It’s Just Not Fair
Whilst debugging some pthread code recently I came across a somewhat unexpected and seemingly non-intuitive result regarding locks. Here is a simple pthread example program. The main creates a single child thread. This thead that works away incrementing the sGlobal counter until sContinue is cleared by main. The main simply checks the count and stops the child when the count exceeds 10. Of course, the accesses to sGlobal are protected by a mutex to ensure that a partially updated result isn’t read and there are no nasty data races (okay, so an int can be read atomically on pretty much any machine but sGlobal could be a more complex object).
static int sGlobal;
static int sContinue;
static pthread_mutex_t sMutex;
static void* childthread(void* p)
{
do
{
pthread_mutex_lock(&sMutex);
sGlobal++;
printf("Count = %d\n", sGlobal);
pthread_mutex_unlock(&sMutex);
}
while (sContinue);
}
int main(int argc, char *argv[])
{
pthread_t aThreadID;
int aCount;
pthread_mutex_init(&sMutex, NULL);
sContinue = 1;
sGlobal = 0;
pthread_create(&aThreadID, NULL, childthread, NULL);
do
{
pthread_mutex_lock(&sMutex);
aCount = sGlobal;
pthread_mutex_unlock(&sMutex);
}
while (aCount < 10);
sContinue = 0;
}
So what would you expect the output to be? Maybe a count 0 to 10 and then the program exits? I was expecting that main thread and the child thread to contend for the lock but ultimately for both of them to get pretty fair access to it. If the child thread has the lock but the main thread wants it I was expecting it to be next in line for acquiring it. Unfortunately there isn’t an orderly queue waiting for the lock, its a total free for all. As it turns out pthread mutexes provide absolutely no guarantee of fairness for lock accesses whatsoever. It doesn’t matter how long a thread has been waiting for a lock, another thread can push into the queue and get the lock again even after its just released it.
So what do you get when you run this. Well, it all depends. I ran this on a Linux Redhat 4 system with NPTL threads and the final count at termination were for successive runs was 641, 573, 229, 29, 25, 14791, 1708. Spot any pattern? No, neither can I. I also tried it on an ARM Debian Linux version with the older LinuxThreads implementation. Its still going. So this is rather random and very non-portable.

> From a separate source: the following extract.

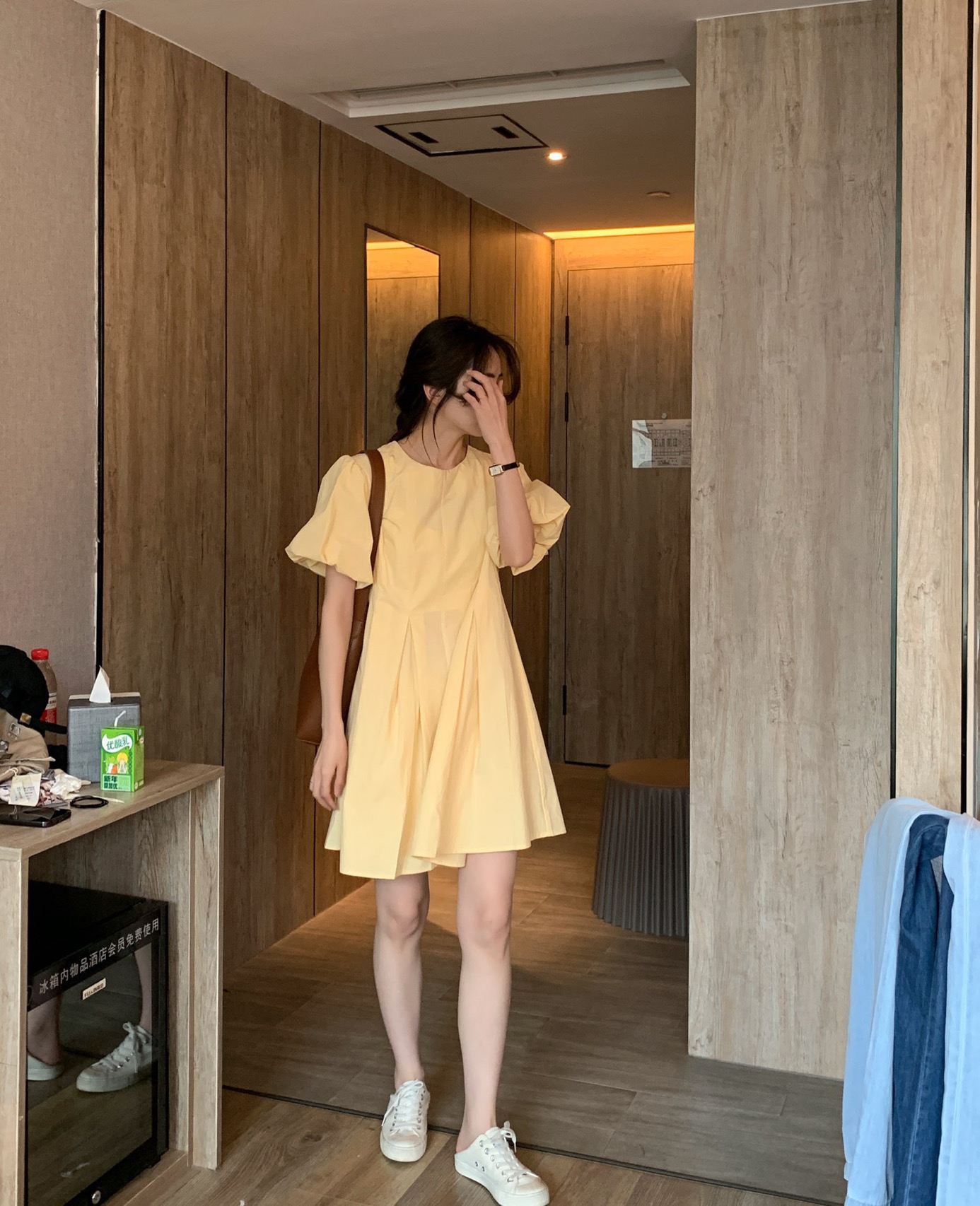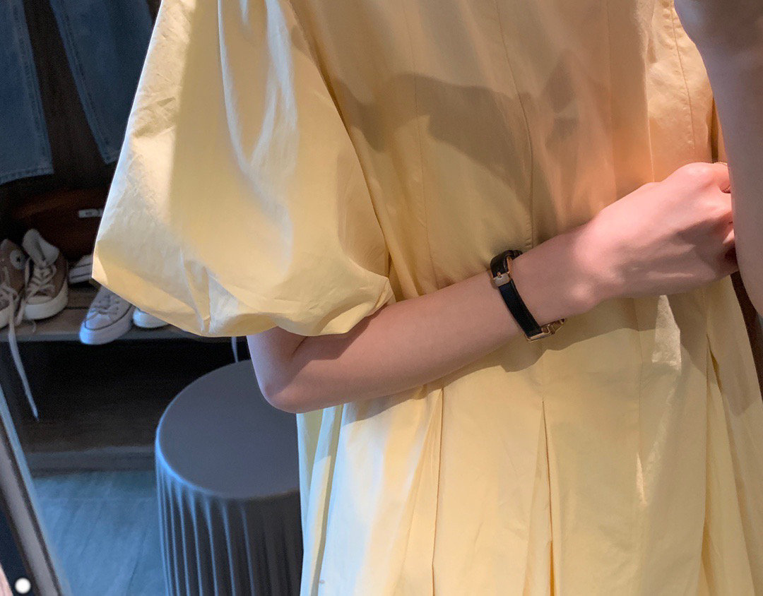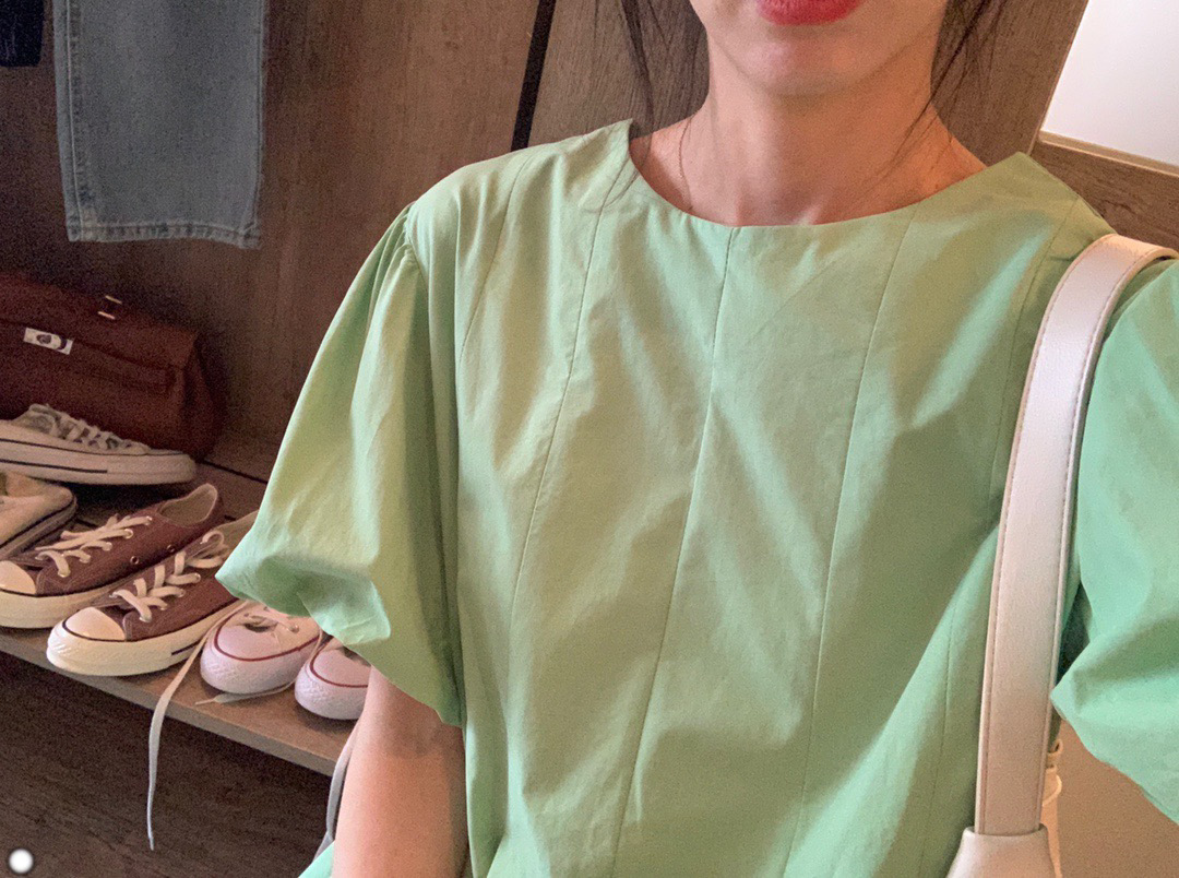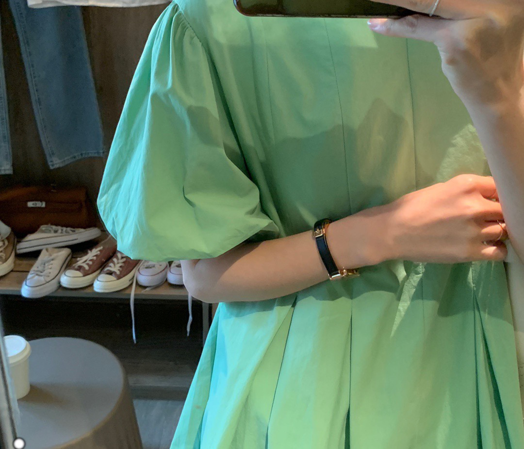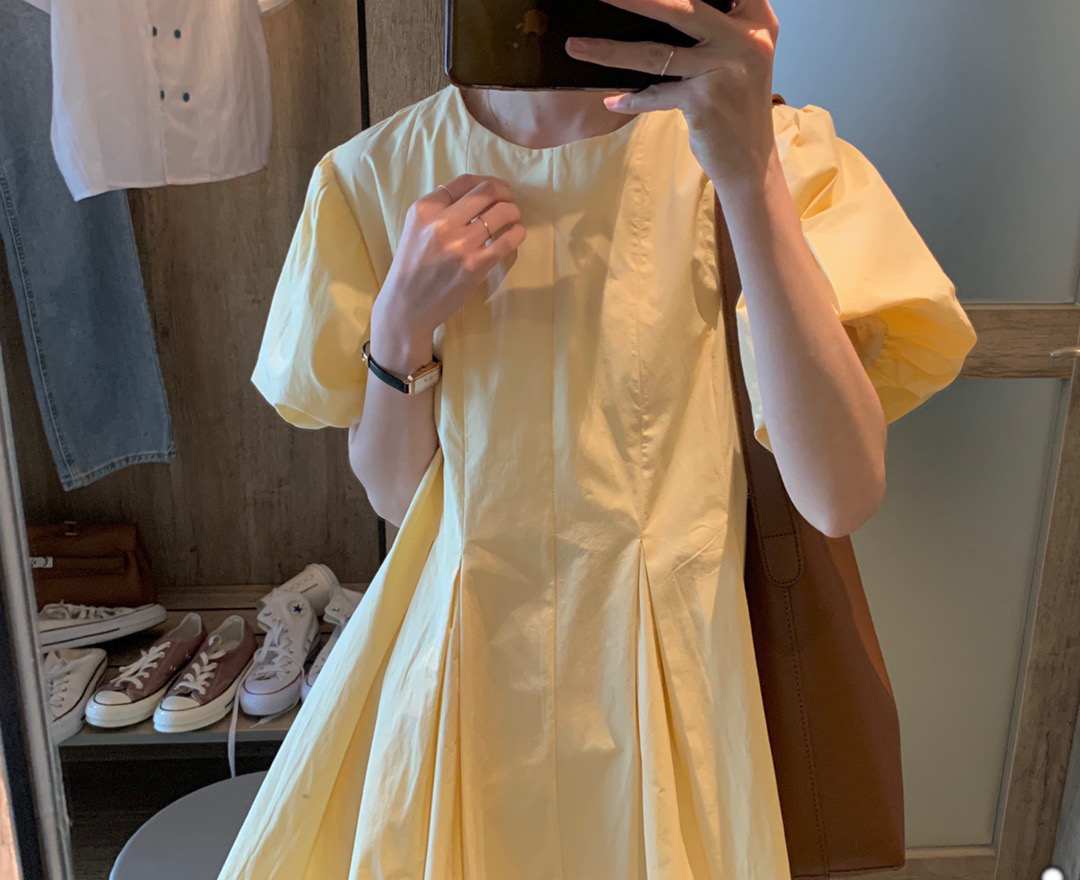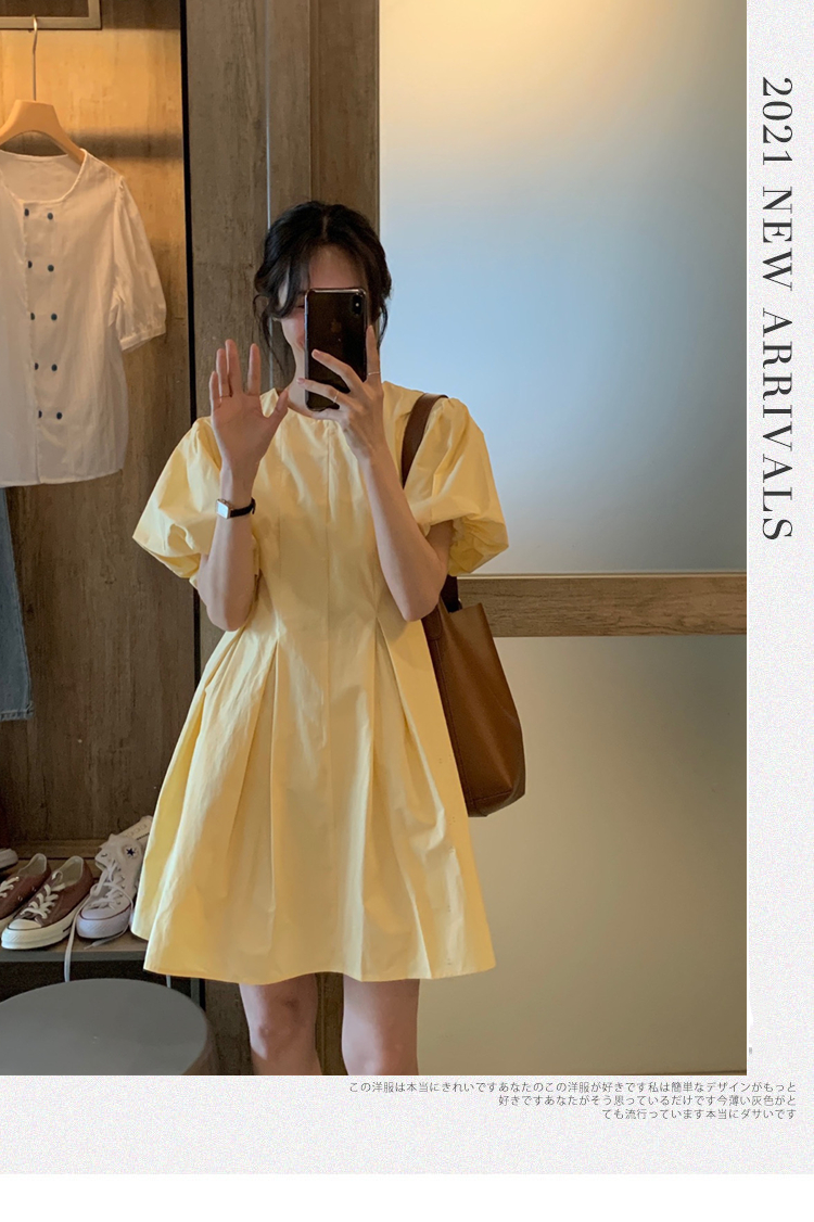 实拍 马卡龙色系2021夏季新款百褶简约纯色连衣裙百搭宽松chic裙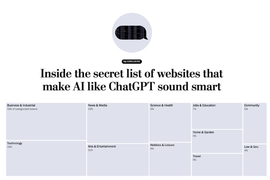 The Washington Post released a fascinating analysis of how AI chatbots gather content on the public Web. The report, Inside the secret list of websites that make AI like ChatGPT sound smart (subscription required) is a fascinating read.

The child thread is hogging the lock. Even though it releases it, it grabs it again very quickly afterwards. Unless the process happens to get pre-empted just at the that point it will get the lock back again, even if the main thread has been waiting for ages. If most of the processing is done while the lock is held then there is very little opportunity for another thread to acquire the lock.
So why this rather rude free-for-all with locks? Its all in the name of efficiency. If orderely queues were maintained for each lock then every time a thread wants to acquire a lock it would need to be polite by checking if any other thread were waiting rather than just grabbing it. The queue itself would probably also need to be protected with locks since it could be accessed by any thread, and so it goes on. Its just simple and efficient to grab the lock if its available, no questions asked. Its up to the programmer to ensure fairness and synchronisation using other methods such as condition variables.
And what was the answer for ARM LinuxThreads? Well, its at 389000 and still counting. I suspect its never going to halt, but you never know (as Turing famously proved…).